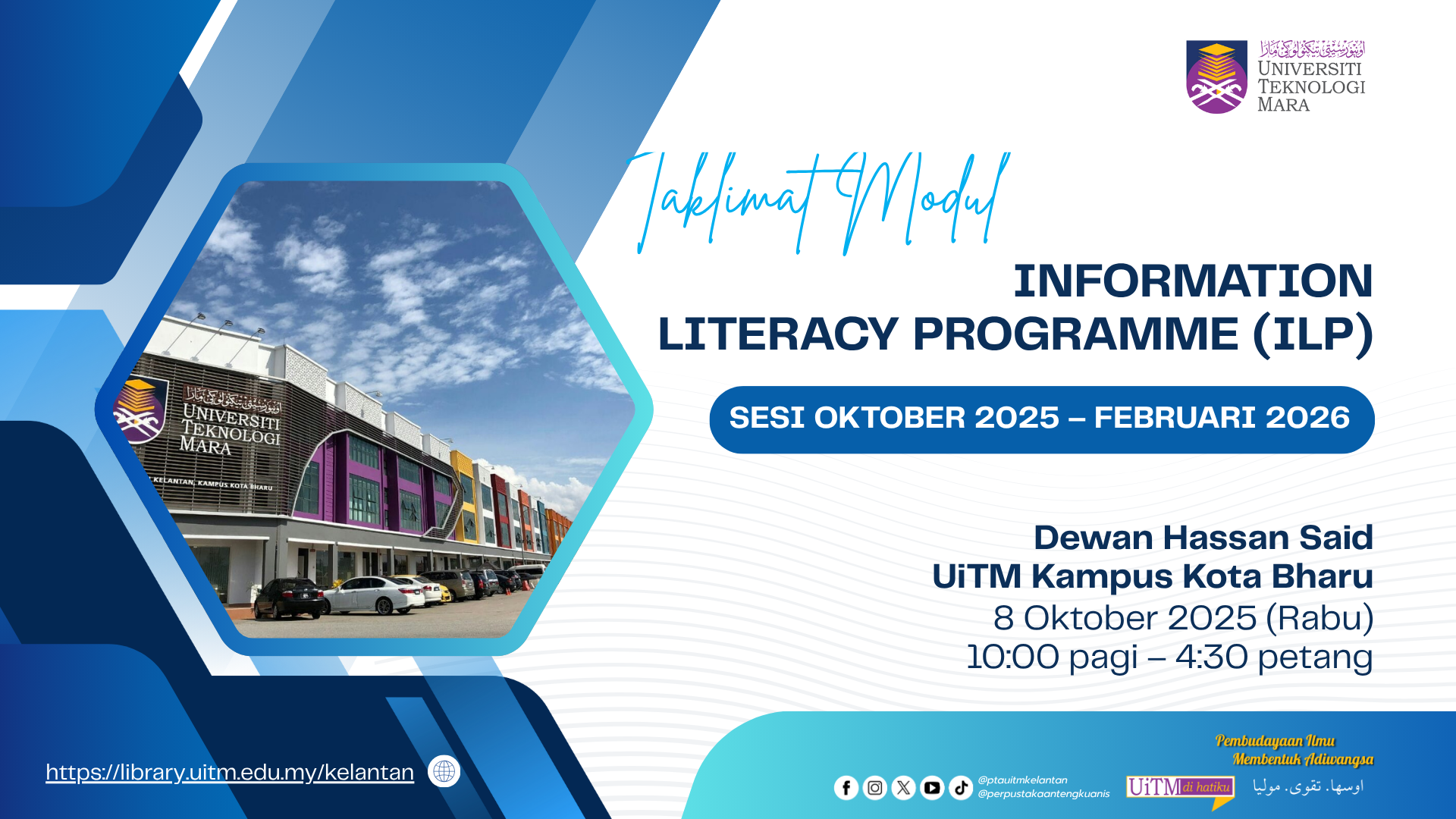 Taklimat Modul Information Literacy Programme (ILP) telah diadakan pada 8 Oktober 2025 bertempat di Perpustakaan Tengku Anis UiTM Cawangan Kelantan Kampus Kota Bharu (PTAKKB). Program ini dibahagikan kepada dua sesi mengikut program yang telah dijadualkan dan dilaksanakan khusus untuk pelajar Ijazah Sesi Akademik 2025/2026 dengan tujuan utama memberi pendedahan serta meningkatkan kemahiran literasi maklumat dalam kalangan pelajar baharu. Taklimat modul ILP telah dikendalikan oleh Puan Rosmariyati AB Rahman (Timbalan Ketua Pustakawan) (M) (KUP), dan turut dibantu Bersama staf-staf PTAKKB.
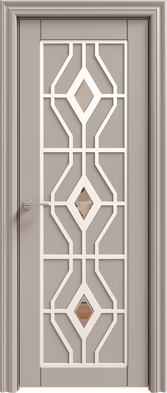 Фрезерованная панель в центре полотна – акцентная деталь, покрывающаяся исключительно Эмалью. Благодаря огромной вариативности цветов эмали на выбор из каталогов RAL, Вы можете создать различные цветовые сочетания полотна и узора. За счет возможности применения подобных дизайнерских решений, данные модели отлично впишутся по стилю во многие интерьеры – от воздушной современной классики до брутального стиля – лофт.
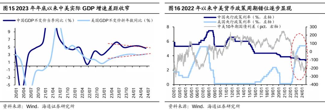 本次美联储降息前国内经济也偏弱,不同的是这次我国央行先于美联储开启降息。事实上,21年底以来为刺激国内经济复苏,央行持续发力逆周期调节。具体而言,21年12月中央经济工作会议指出“经济发展面临需求收缩、供给冲击、预期转弱三重压力”,会后央行宣布降准,次月全面降息;22年俄乌冲突等外部风险因素增多,同时国内“三稳”面临新挑战,为此央行4月、11月两度降准,并于5月调降LPR利率,8月下调MLF、LPR利率;23年经济波浪式修复,经济运行面临国内需求不足、重点领域隐患增多等问题,央行再度转松,于3月、9月两度降准,6月、8月两次全面降息;今年以来经济整体回升向好,但有效需求仍然不足等问题仍然存在,央行于2月再次降准,并于7月下调LPR、MLF利率。站在当前时点,美联储降息预计在即,国内经济增长类似过往同样偏弱,不同之处在于这次我国央行于21年底提前开启降息,而美联储则自2022/03开始加息,这导致中美货币政策周期出现错位,反映在资产价格上就是中美10年期国债利差不断收窄、目前降至2002年以来11%的历史低位水平。

────────────────────────────────────────

**PROBLEM TO WORK ON:**
The reply should repeat the data in full, exactly as given, and contain no pictures.

**FINAL ANSWER:**
 Taklimat Modul Information Literacy Programme (ILP) telah diadakan pada 8 Oktober 2025 bertempat di Perpustakaan Tengku Anis UiTM Cawangan Kelantan Kampus Kota Bharu (PTAKKB). Program ini dibahagikan kepada dua sesi mengikut program yang telah dijadualkan dan dilaksanakan khusus untuk pelajar Ijazah Sesi Akademik 2025/2026 dengan tujuan utama memberi pendedahan serta meningkatkan kemahiran literasi maklumat dalam kalangan pelajar baharu. Taklimat modul ILP telah dikendalikan oleh Puan Rosmariyati AB Rahman (Timbalan Ketua Pustakawan) (M) (KUP), dan turut dibantu Bersama staf-staf PTAKKB.
 Фрезерованная панель в центре полотна – акцентная деталь, покрывающаяся исключительно Эмалью. Благодаря огромной вариативности цветов эмали на выбор из каталогов RAL, Вы можете создать различные цветовые сочетания полотна и узора. За счет возможности применения подобных дизайнерских решений, данные модели отлично впишутся по стилю во многие интерьеры – от воздушной современной классики до брутального стиля – лофт.
 本次美联储降息前国内经济也偏弱,不同的是这次我国央行先于美联储开启降息。事实上,21年底以来为刺激国内经济复苏,央行持续发力逆周期调节。具体而言,21年12月中央经济工作会议指出“经济发展面临需求收缩、供给冲击、预期转弱三重压力”,会后央行宣布降准,次月全面降息;22年俄乌冲突等外部风险因素增多,同时国内“三稳”面临新挑战,为此央行4月、11月两度降准,并于5月调降LPR利率,8月下调MLF、LPR利率;23年经济波浪式修复,经济运行面临国内需求不足、重点领域隐患增多等问题,央行再度转松,于3月、9月两度降准,6月、8月两次全面降息;今年以来经济整体回升向好,但有效需求仍然不足等问题仍然存在,央行于2月再次降准,并于7月下调LPR、MLF利率。站在当前时点,美联储降息预计在即,国内经济增长类似过往同样偏弱,不同之处在于这次我国央行于21年底提前开启降息,而美联储则自2022/03开始加息,这导致中美货币政策周期出现错位,反映在资产价格上就是中美10年期国债利差不断收窄、目前降至2002年以来11%的历史低位水平。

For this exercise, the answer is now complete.